Nate scowled, no military blankness for that answer. “So why didn’t you go out with him?”
Sam sighed. She could make up a million reasons—some of them would even be valid, but the simplest truth was maybe what belonged in this moment. If she was going to hope, maybe that meant she had to put some of her own directness out there. “Because of you, idiot. Is that what you want to hear?”
“Yeah.” His scowl morphed into a grin. The boyish one that had so many flutters taking up residence in her chest she wasn’t sure she could breathe.
And she shouldn’t be filled with anything, because there was still the Bo Lake connecting to Glenda Harrington connecting to Jake Hayes problem, but maybe that was why the detective was here. Maybe she’d—they’d—get more answers from Jake than Cal or Glenda.
“Come on. Let’s go see what he’s got to say.” She texted that she’d be down in a few to unlock the door.
“Oh, am I invited to this party?”
“If you can keep the dick measuring to a minimum.”
“Maybe I should stay up here then. Besides, no hiding that I’m wearing court clothes.”
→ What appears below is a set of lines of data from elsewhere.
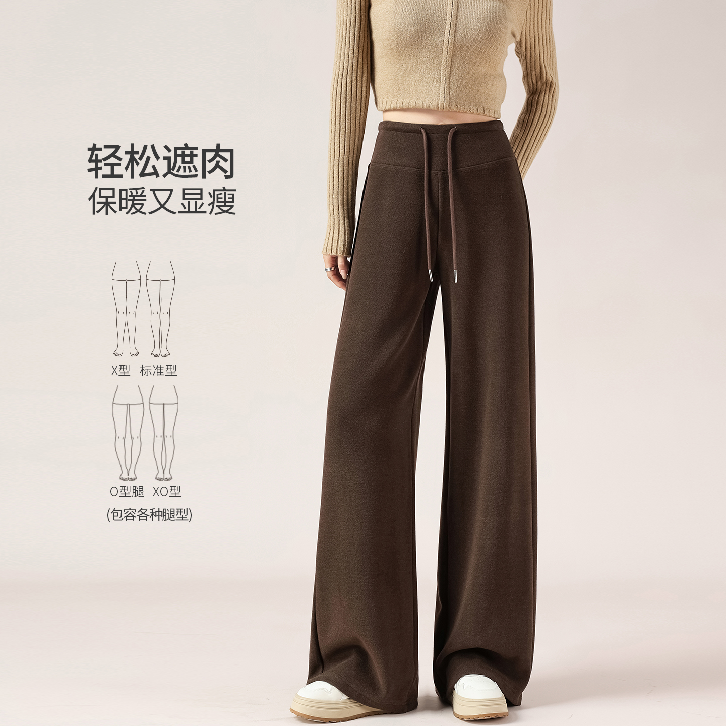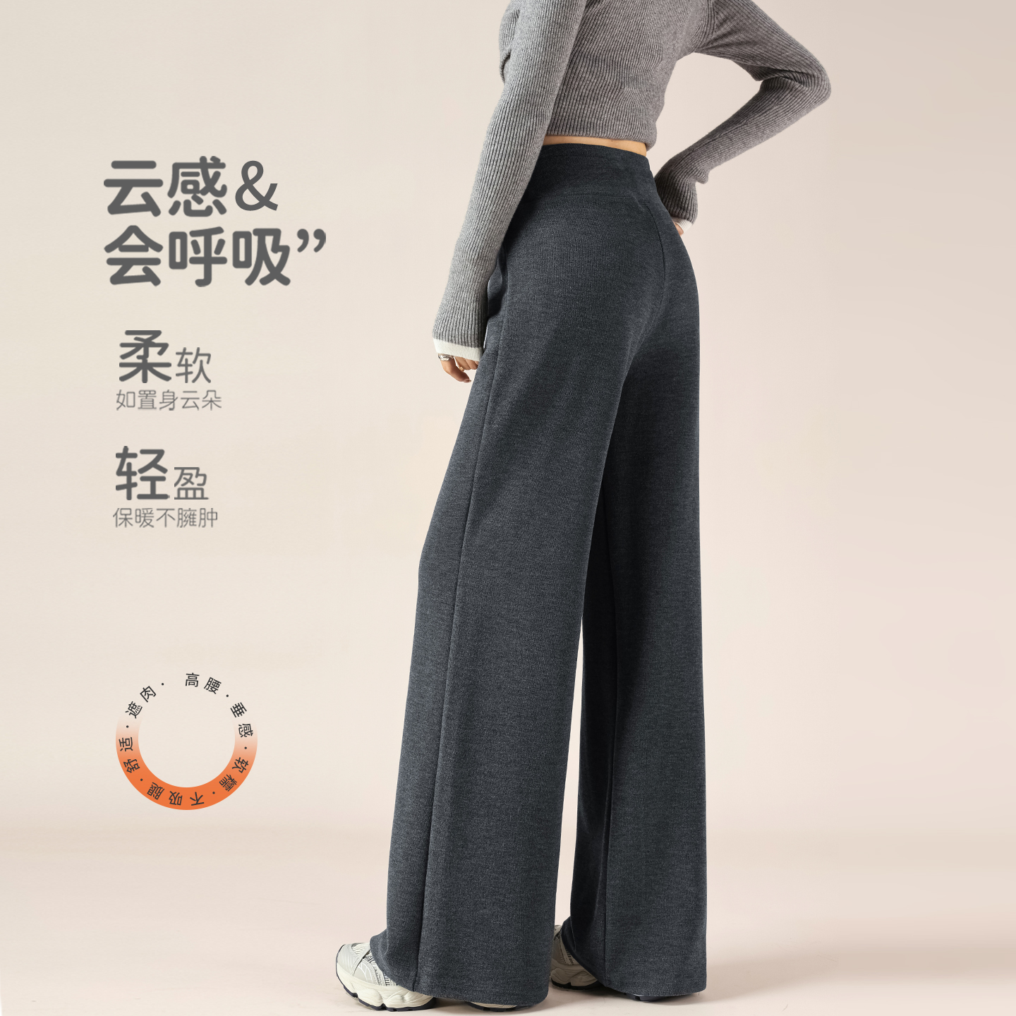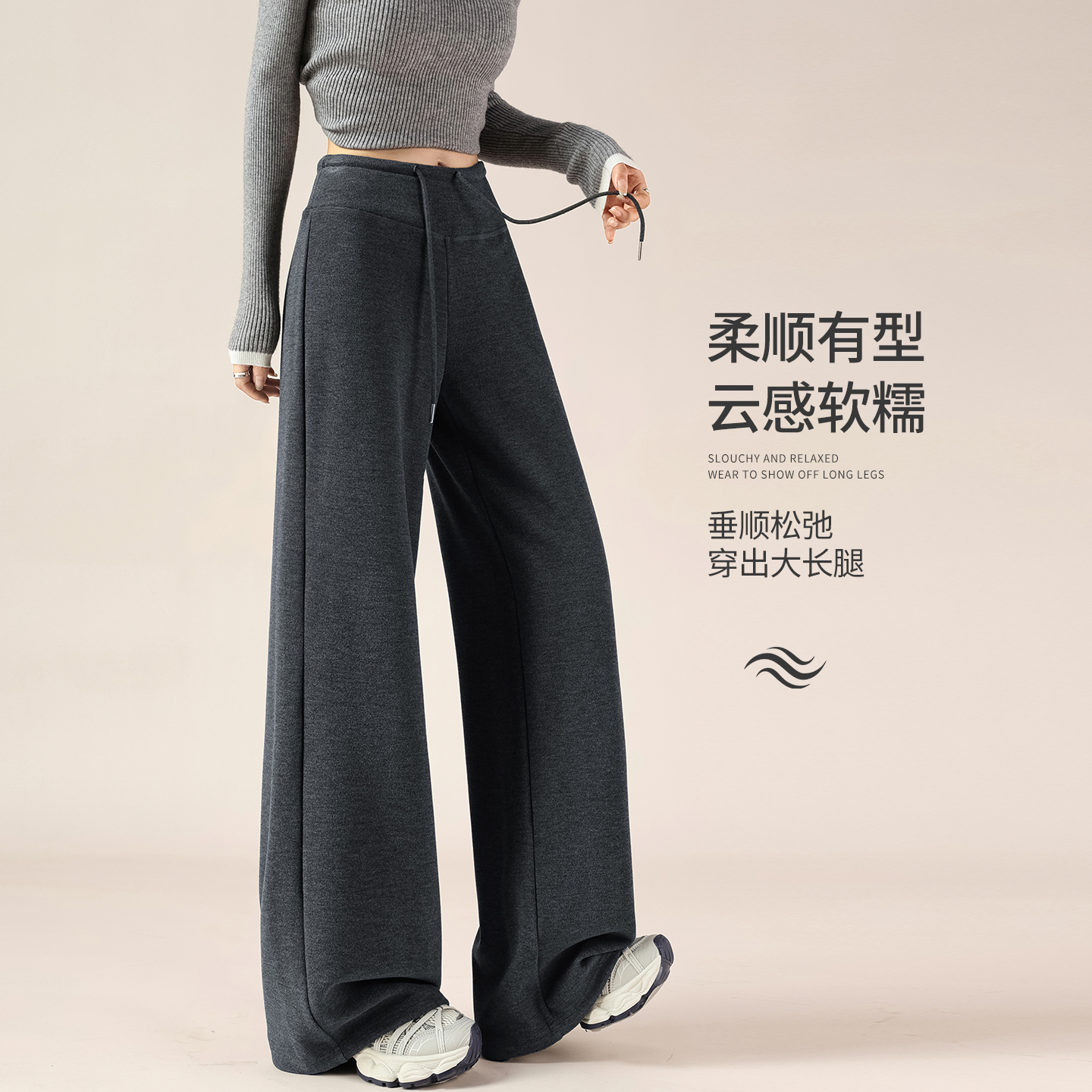 女秋冬季 高腰防风休闲裤 2025新款 加绒运动裤 子 窄版 灰色糯米阔腿裤
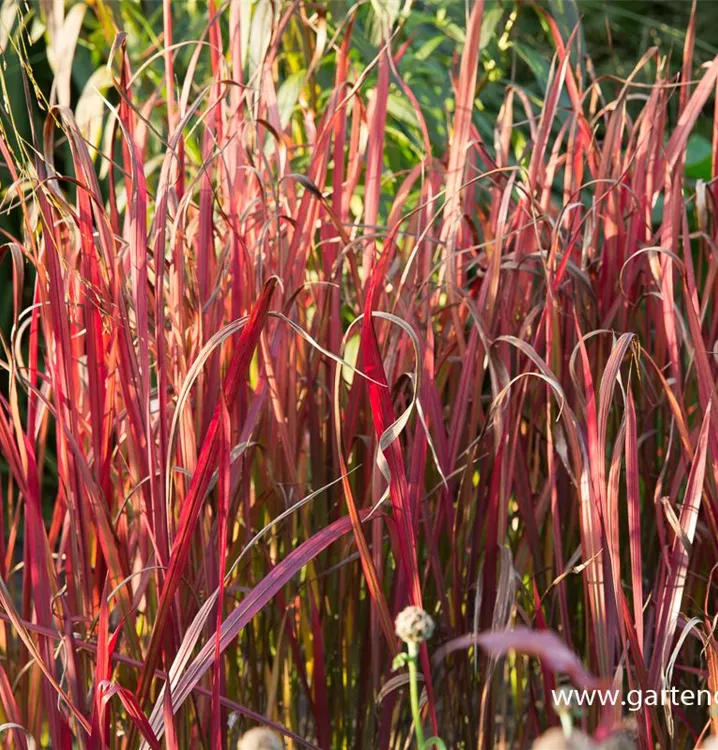 Das Garten-Blutgras 'Red Baron' (Imperata cylindrica) ist mit seiner grün-roten Blattfärbung ein dekoratives Gestaltungselement im Garten, welches sich an einem sonnigen Standort mit einem möglichst durchlässigen, humosen, nährstoffreichen Boden am wohlsten fühlt. Bei günstigen Bedingungen erreicht dieses winterharte Gras eine Höhe von ca. 40 cm und wird bis zu 40 cm breit.
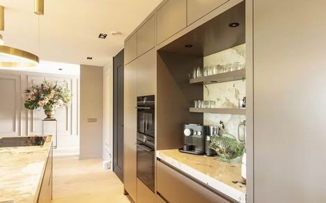 Met Dekton Khalo heeft Clear Kitchen gekozen voor een ecletisch maar toegankelijk concept. "Het straalt warmte uit, het is modern maar vooral ‘anders’. De toepassing van materialen zijn een echte eyecatcher. Waar alle kleuren prachtig samensmelten en het toch een opvallende toepassing blijft. Deze keuken onderscheidt zichzelf door de samensmelten en het toch een opvallende toepassing blijft. Deze keuken onderscheidt zichzelf door de samensmelting van materialen", laat Cosentino weten.
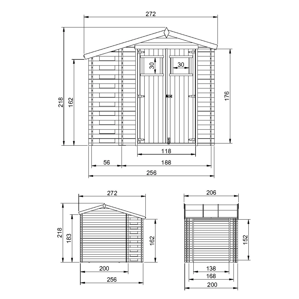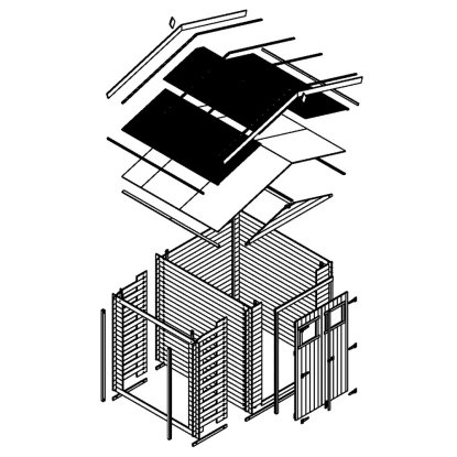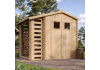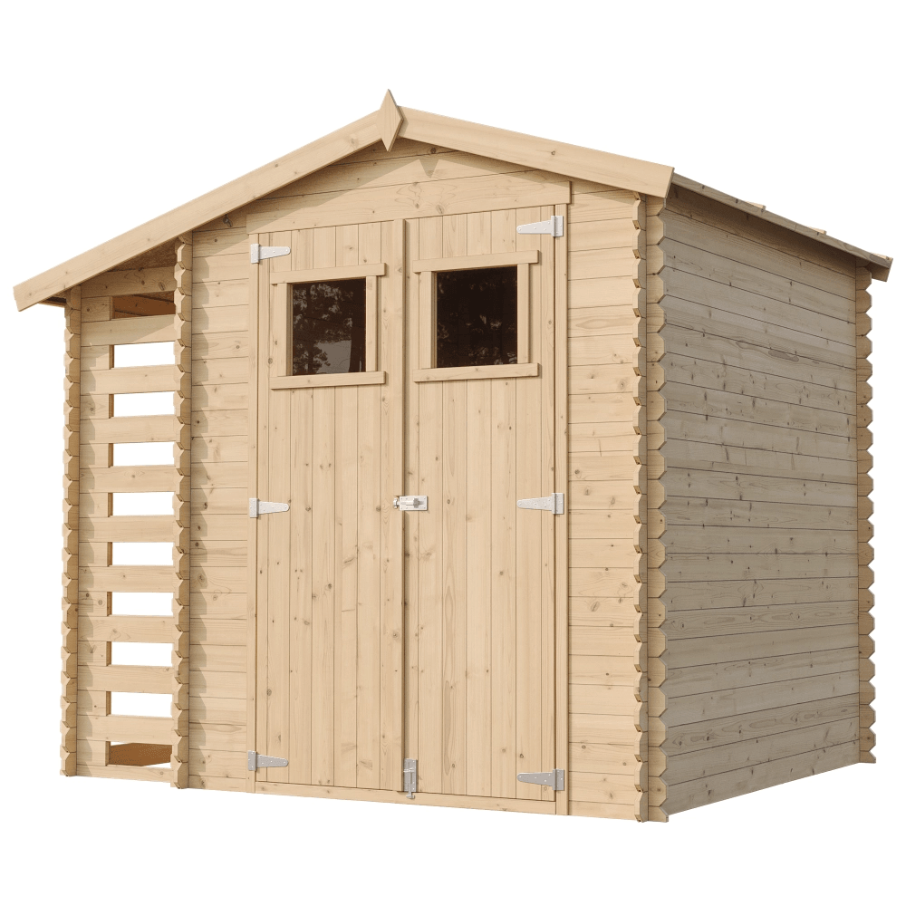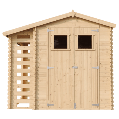 Időtlen formája, valamint a zárt fészer és a nyitott fatároló kombinációja révén ez a modell tökéletesen illeszkedik a különböző kertekbe. A bitumen bevonatú OSB-tető véd az időjárástól.
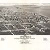 Panoramic city maps, popular at the turn of the century, depicted U.S. towns from the perspective that came to be known as bird’s-eye maps. These non-photographic old maps, depicted from oblique angles, showed street patterns, buildings and the predominant surrounding landscape in perspective. Going to great lengths to make these maps, artists would often climb surrounding hills or trees, sometimes even building platforms from which to achieve the bird’s eye” perspective. They also used to take rides in hot air balloons in order to get the proper perspective. To bolster sales of these old panoramic city maps, the artists would often choke town harbors full of ships, include proposed building developments and depict a vivacious, bustling industry. Historically interesting and beautifully drawn, it is no wonder these old panoramic city maps are making a popular comeback. Bring the spirit of your town’s history back to life with these stunning old bird’s-eye maps.”
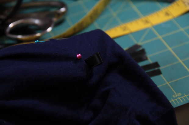 Veces cada uno de su 2" cinta piezas por la mitad, formando un bucle. Inserte cada pedazo de cinta en los agujeros que has recogido en las costuras. Los bordes de la cinta doblada deben alinearse con el interior borde de la costura del vestido; los lazos deben permanecer en el exterior. Prender desde el interior del vestido.
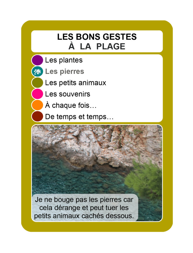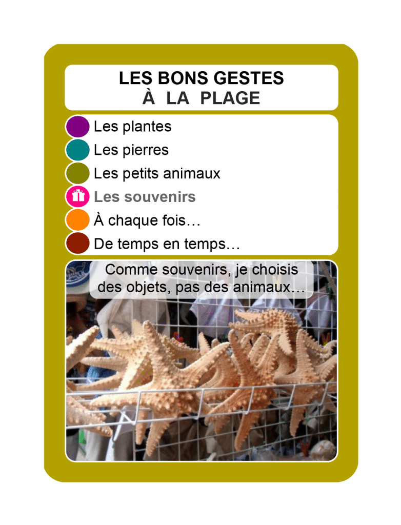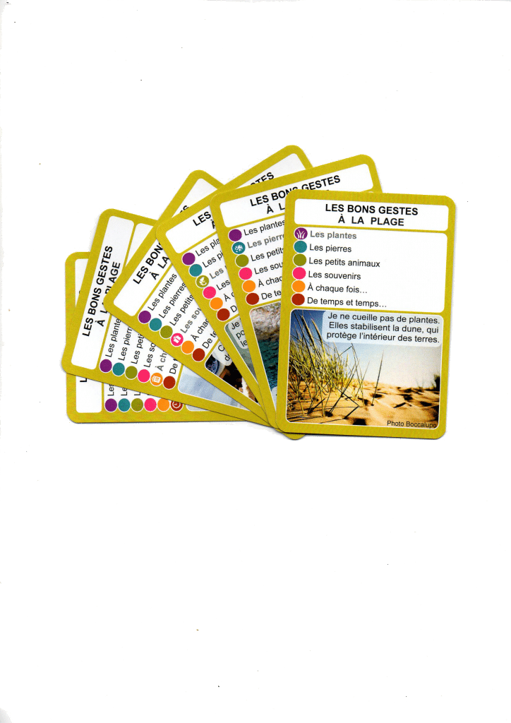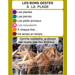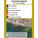 Fichier en deux page présentant les six cartes de la famille des bons gestes à la plage, à imprimer, plastifier et découper.
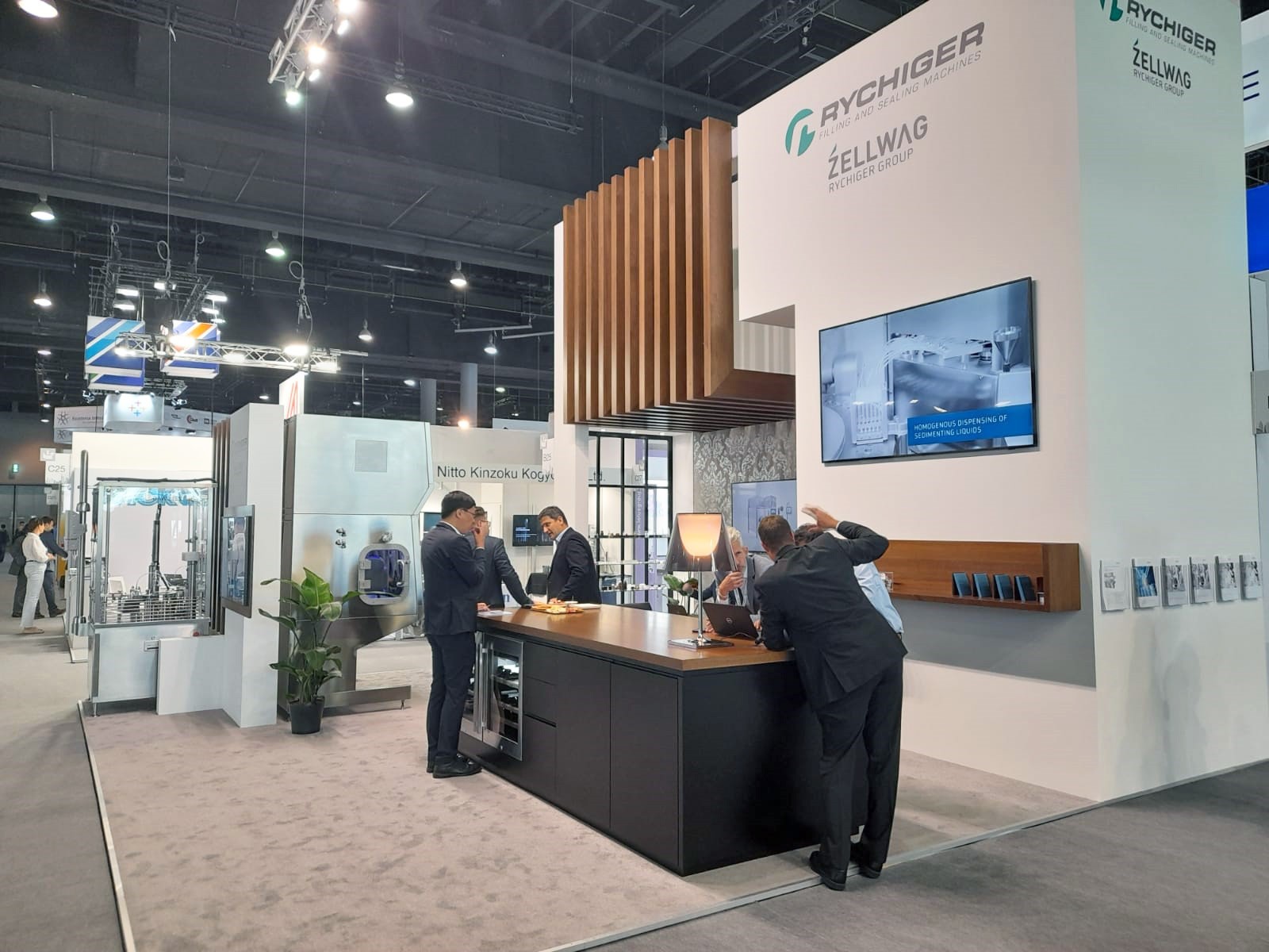 In diesem Jahr haben wir uns für eine Zusammenarbeit mit der Zellwag Pharmtech AG aus der Rychiger Gruppe entschieden, auf deren Stand wir unseren Sterilitätstest-Isolator zusammen mit modernsten Abfüll- und Verschließanlagen der Zellwag Pharmtech AG ausgestellt haben.

It took her a second to fully comprehend what that meant.
Nate was in his clothes from yesterday—a very, very rumpled suit.
She was in her sweats. She supposed it did …
paint a picture. But what did that matter?
People were going to … know. If they were seeing where this went, it was going to be obvious in a town this size.
The thought of trying to hide that made her tired. “I don’t care if he puts two and two together. Do you?”
“No, I’d quite prefer it, in fact.”
She rolled her eyes, grabbed her keys, and slid her feet into her boots. “Come on.”
*
Nate followed Sam down the stairs. He stayed on the last step while she opened the door. Maybe he wanted to make it really clear where they’d come from. Together.
If that tangle in the back of her hair and his clothes from yesterday didn’t tell the story for him.
Petty? Probably. On this, Nate didn’t care. He figured every once in a while a guy got to be petty.